Мне осталось, для округления дела, дать очную ставку Паточке с матерью ее. На этой очной ставке Паточка обнаружила замечательные сценические способности. Ей хотелось порисоваться перед публикой. Она упала перед матерью на колени и, заливаясь слезами, стала умолять ее о сознании:
— Не запирайся, матушка! Не губи свое милое детище и т. д.
Драматический монолог глубоко тронул публику: барыни навзрыд плакали. Даже холодная Крючиха, по-видимому, уступила мольбам дочери, которая в эту минуту казалась истинно прекрасной грешницей: ни одной тривиальной фразой не испортила она своего монолога. Крючиха сказала:
— Ну, что делать: сознаюся я.
— Спасибо тебе, моя голубушка! — сказала Паточка, бросаясь на шею матери.
Сейчас же на лице ее расцвела веселая улыбка. Но Крючиха продолжала оставаться холодною, и больше не проронила ни одного слова.
Арестанток увели. Публика стала расходиться, обвиняя во всем Крючиху и жалея бедную Паточку. Многие пожалели Шерстяникова и никто — Иванова!
Как водится, я представил дело в уголовную палату, а копию с него начальник команды отослал в военно-судную комиссию.
Пока дело ходило по инстанциям, мне не раз приходилось бывать в остроге.

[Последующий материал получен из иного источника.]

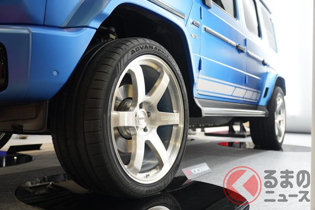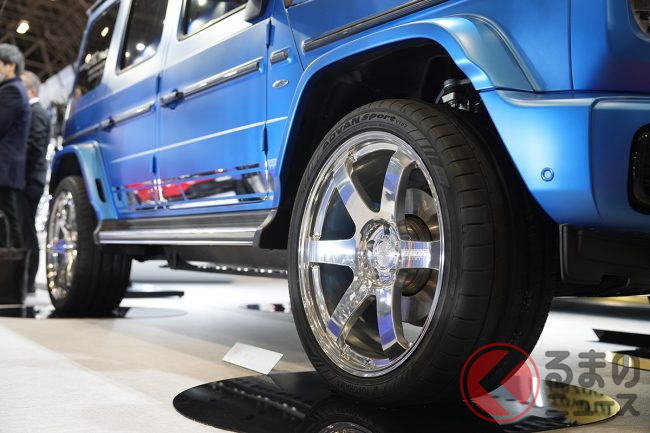 なかでも、目を見張るのが、ブルーのメルセデス・ベンツ Gクラスで、23インチのVOLK RACING TE37 GCを装着しています。しかも、両サイドで仕様が異なっており、3DのAST BLUSHEDとAST CRYSTAL BUFFと雰囲気の異なるホイールが装着されているところがポイントだと言えるでしょう。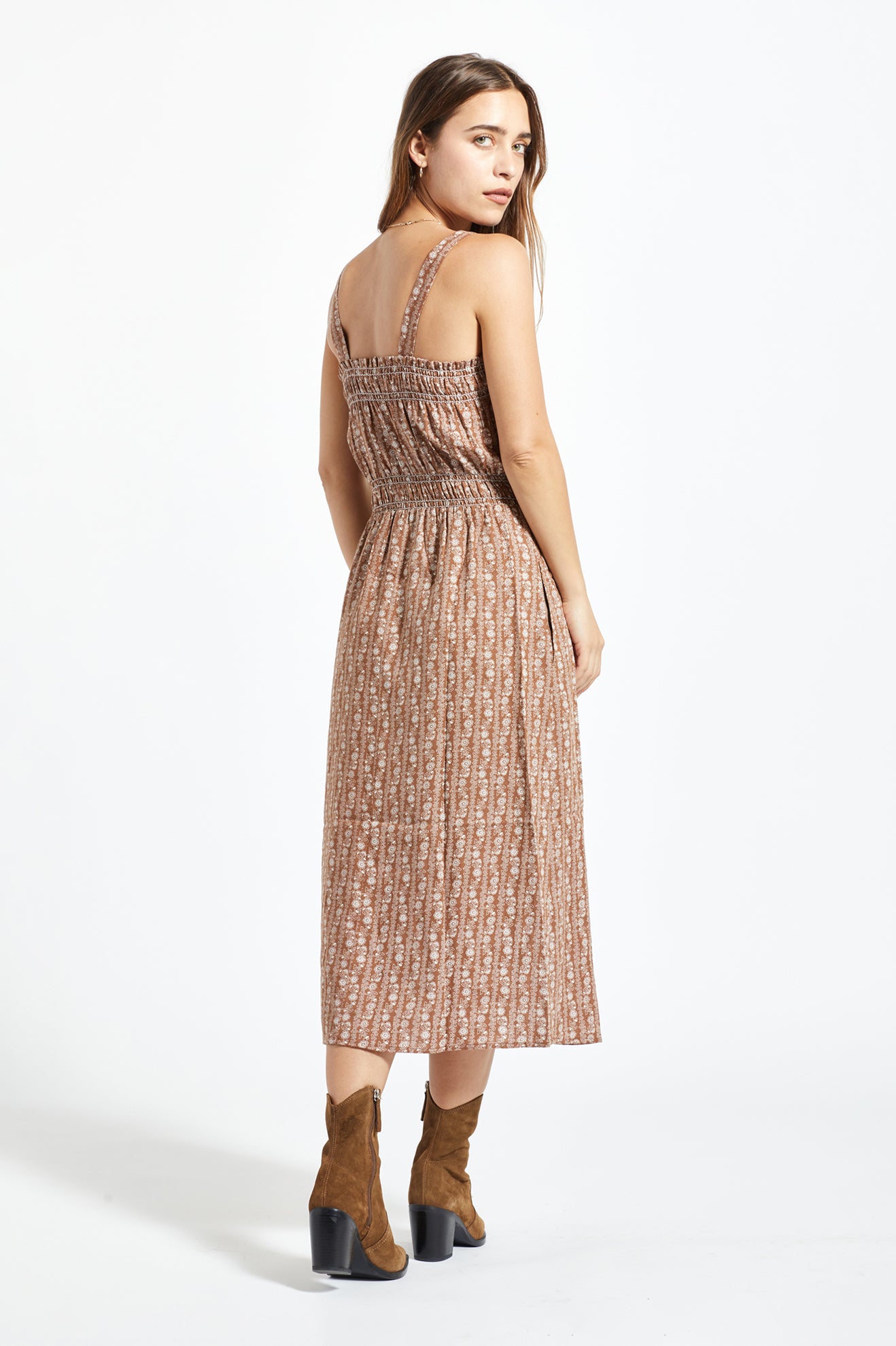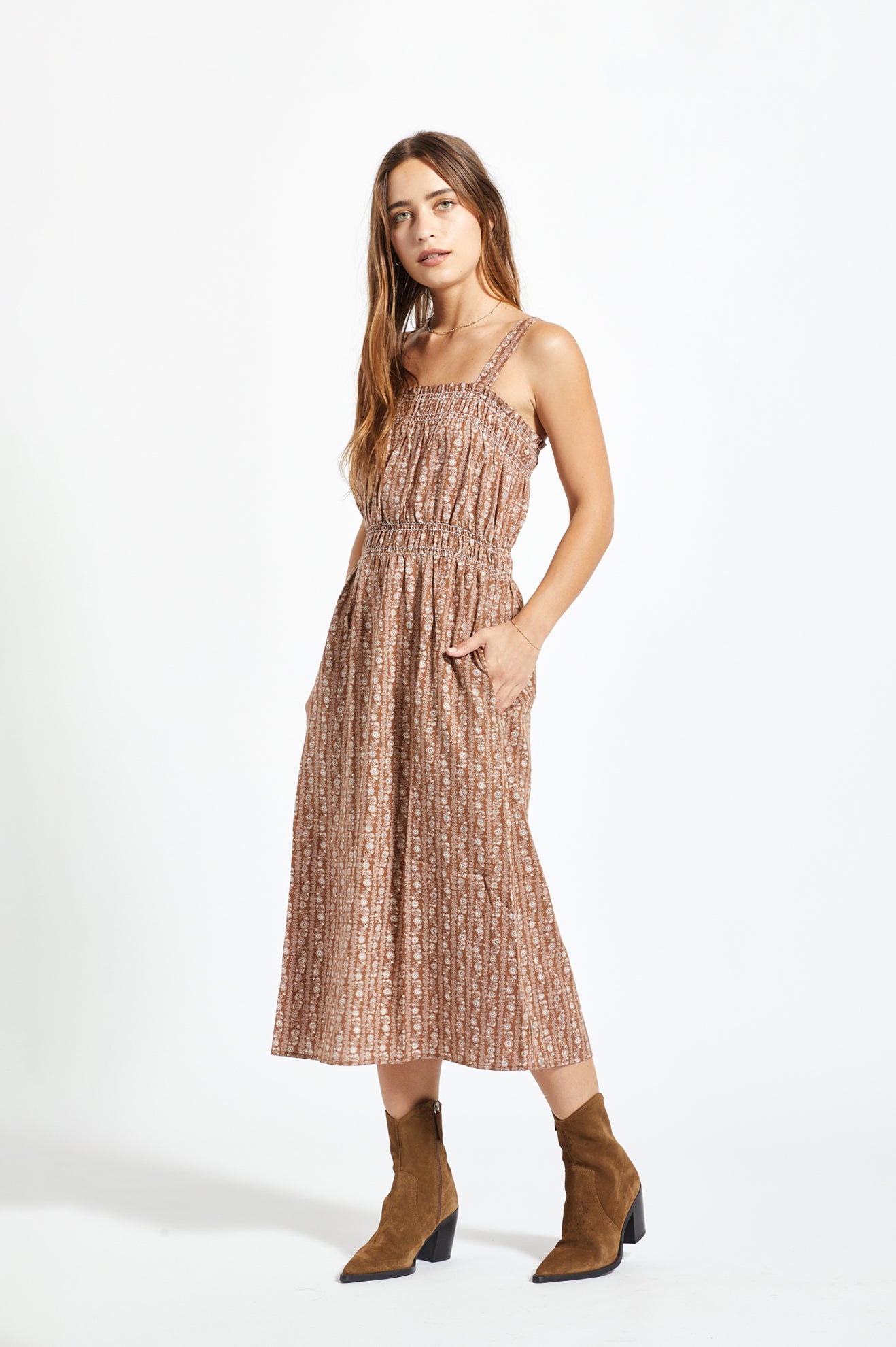 The Balboa Linen Dress is a toss-on and head-out dress with simple sophistication. It’s designed with a Western-inspired floral print and has a smocked bodice for added stretch and comfort. Finished with side pockets and a midi-length skirt.
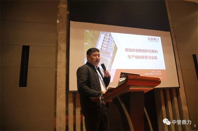 中譽鼎力作為砂石行業內提倡環保、集約、智能化生產發展的企業,在積推動各地礦山資源整合,提倡規范環保制砂。會議現場,中譽鼎力裝備設計公司副總經理兼大客戶項目部總經理原文秋做了“環保智能砂石骨料生產線的探索與實踐”的主旨演講。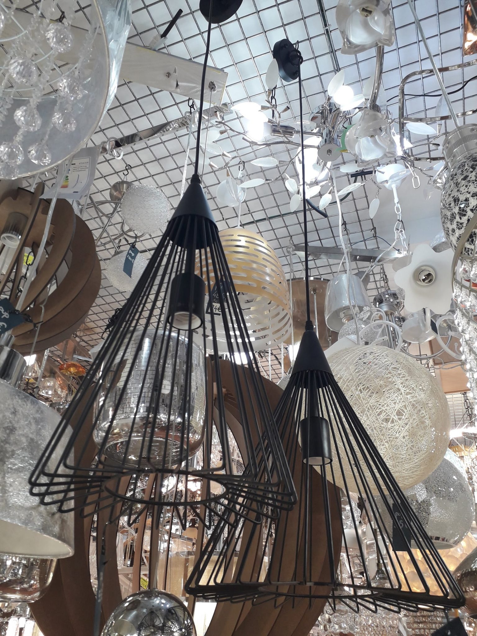 Geométrica de varillas negras en forma cono ancho. Ideal para composiciones de colgantes.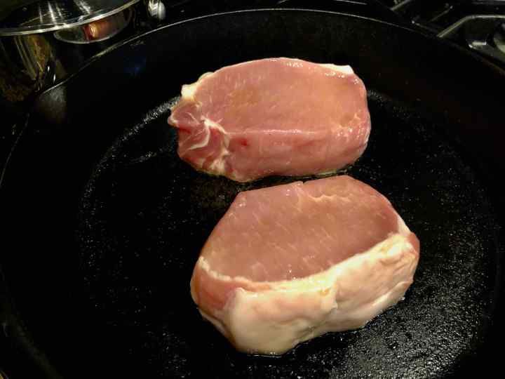 2. Heat a cast-iron or other sturdy ovenproof skillet just large enough to hold the chops over medium-high heat for 4 to 5 minutes; the pan should be really hot, just about smoking.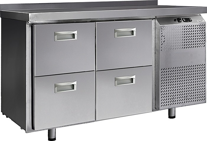Холодильный стол Finist СХС-600-0/4 используется на предприятиях общественного питания, торговли и пищевых производствах для хранения и обработки полуфабрикатов из мяса и рыбы, заготовок для салата, охлажденных напитков и прочих пищевых продуктов. Управление при помощи кнопочной панели управления, оснащенной цифровым дисплеем. 4 выдвижных ящика, агрегатный отсек располагается сбоку. Стол установлен на ножки с подпятниками. Материал корпуса - нержавеющая сталь.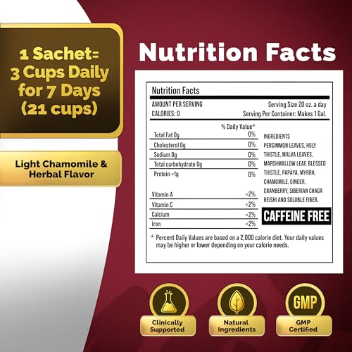 - Ingredients: It is a blend of 12 herbs and contains Persimmon Leaves, Holy Thistle Malva Leaves, Marsh, Blessed Thistle, Papaya, Myrrh, Chamomile, Cranberry, Siberian Chaga, Ganoderma Lucidum, Soluble Fiber, Ginger.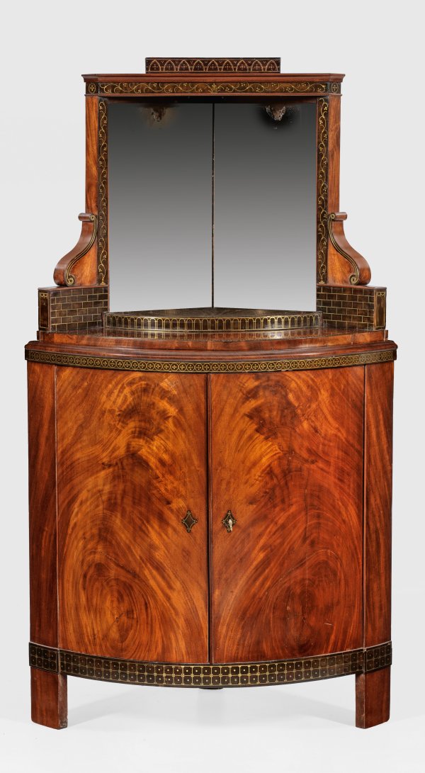 A Russian mahogany veneered Empire corner cabinet with inlays of brass. Circle of Heinrich Gambs.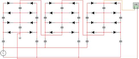 Рис. 2. Установка Денисова. 1 — вакуумные колбы; 2 — спирали накала; 3 — разгоняющие электроды.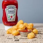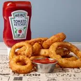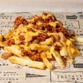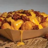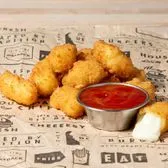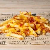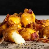 Crispy cheddar cheese curds topped with melty cheese sauce and chopped bacon.
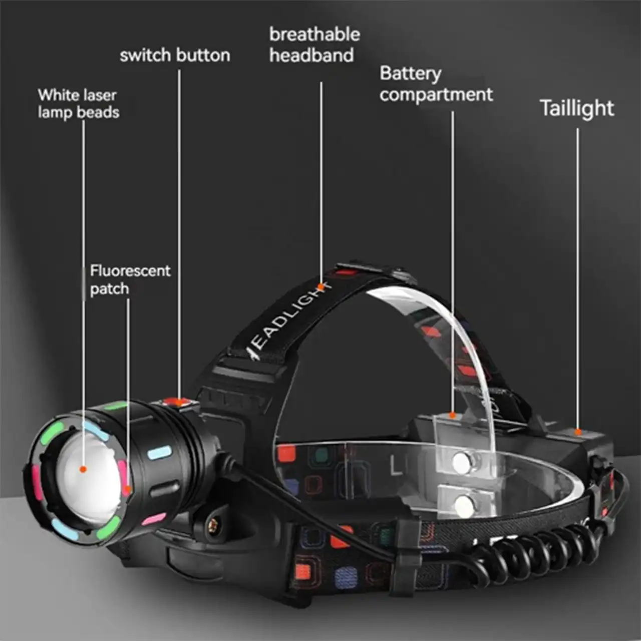 Оснащений потужним TG-діодом, флуоресцентним корпусом, який світиться у темряві, та зручним регульованим нахилом голови.

Каждый раз я осведомлялся о Паточке и каждый раз заставал ее в веселом расположении духа: в каморе своей она резвилась, как беззаботная птичка в клетке.
В остроге она родила недоноска, прижитого уже в заключении. На это обстоятельство никто не обратил внимания, да и к чему?
Наконец вышло окончательное решение. Паточка приговорена в каторжную работу на восемь лет. По счастию ее, ко времени приведения в исполнение решения, отменены были телесные наказания, и она весело взошла на эшафот. — Не думаю, чтобы она очень внимала словам священника, потому что постоянно кивала головкой то тому, то другому из зрителей. В то время, когда читали приговор, она показала мне мимически, будто курит, конечно, намекая на то, что во время следствия я иногда давал ей папиросы.
В то же время, на публичной площади другого города, исполнялся такой же точно приговор над Ивановым. Я уверен, что, сохраняя свою всегдашнюю флегму, равнодушно смотрел он на публику, быть может, презирая ее; но не думаю, чтобы кто-нибудь из окружавшей его, чуждой ему толпы выразил ему сочувствие. Да и нуждался ли в этом сочувствии тот, который и в каторге думал встретить таких же людей?
Найдет ли он там таких людей, как сам он? Вот вопрос!
III
Нежный отец и просужий братоубийца
Сенокос — самое не сенокосное время для судебного следователя, да и для всякого другого чиновника, имеющего дела в уезде. Эта истина особенно дает себя чувствовать в наших северных губерниях, где тридцативерстный волок[26], разделяющий две деревни, не считается еще больно великим, где сенокосы отстоят от селений на целые десятки верст, иногда многие. Приезжаешь в деревню; ямщик подвозит к обывательской, если таковая полагается, а если ее нет, что, впрочем, редко случается в краю, где так редки населенные местности, то к десятнику. Да и десятника-то как найдешь?.. Дома старый да малый.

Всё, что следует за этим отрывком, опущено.